GitLab CI/CD runs all variable tests and regenerates every survey (in XLSForm or in MS Word "Survey guide" form for field use) on every commit. Here's an example of a survey's documentation page: (importantly, all variants have been applied and "includes" resolved so it's documenting the survey in its "final form")

image

jhelvy commented 1 year ago

Yeah this looks like a good solution for a specific context where lots of iterations of similar surveys are needed. I'm unfamiliar with Maven and this framework. At the core, I want the following features:

Shiny, Quarto, etc. follows these features.

jhelvy commented 1 year ago

I am now leaning more towards a hybrid version of my second option. The example .Rmd file here shows one possible approach. In this layout, the user defines the entire survey in a single .Rmd file. This helps with readability and makes the overall survey writing process much more literative.

I think it would be nice if the questions could be defined in a couple of different ways. In that example, I still allow users to define questions in a separate questions.yml file, and users can insert a question using a short code, e.g. {{ question age }}. But I would also like the ability to define questions in-line with the text too. This may be desirable if some of the question text depends on other responses, e.g. "Since you chose ___ on the last question, which of the following...". Then the user could use R code to paste together responses from prior inputs into other questions, etc. I still don't know how to do this part, but the idea is there. Use questions.yml for simple, static questions, and use code chunks or some other approach to define more complex questions where running R code is important to how the question renders on the page.

If this whole thing gets built in shiny, then there should be a way to make these values reactive, meaning we can change the value of what is shown based on a previously-chosen response.
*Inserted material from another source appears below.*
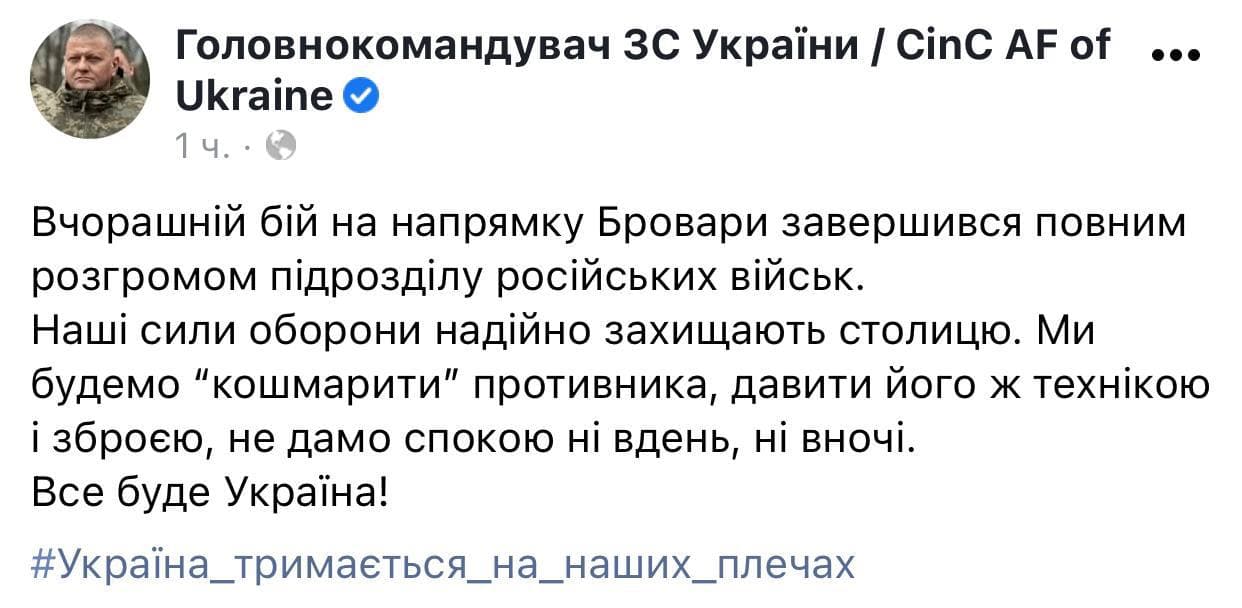 17:35 Главком ВСУ Валерий Залужный сообщил, что бой под Броварами завершился разгромом подразделения противника. Напомним, российские войска наступают на Бровары, чтоб заблокировать Киев с востока.

I'm thinking this might be the right way to go in terms of the overall user interface to designing the survey.

jhelvy commented 11 months ago

Just dropping in here the questions python package: https://github.com/cguardia/questions

Looks super close to what I had in mind. The fact that it's in python is also promising as this could probably be used to render code around the forms.

jhelvy commented 3 weeks ago

We've moved pretty hard in the direction of using shiny with quarto, and it's looking promising, so I'm going to close this issue.

jdimeo commented 3 weeks ago

Unfortunately no progress from our legal department yet on open sourcing the above framework. Hopefully soon! Sounds like a different but equally great direction you're taking.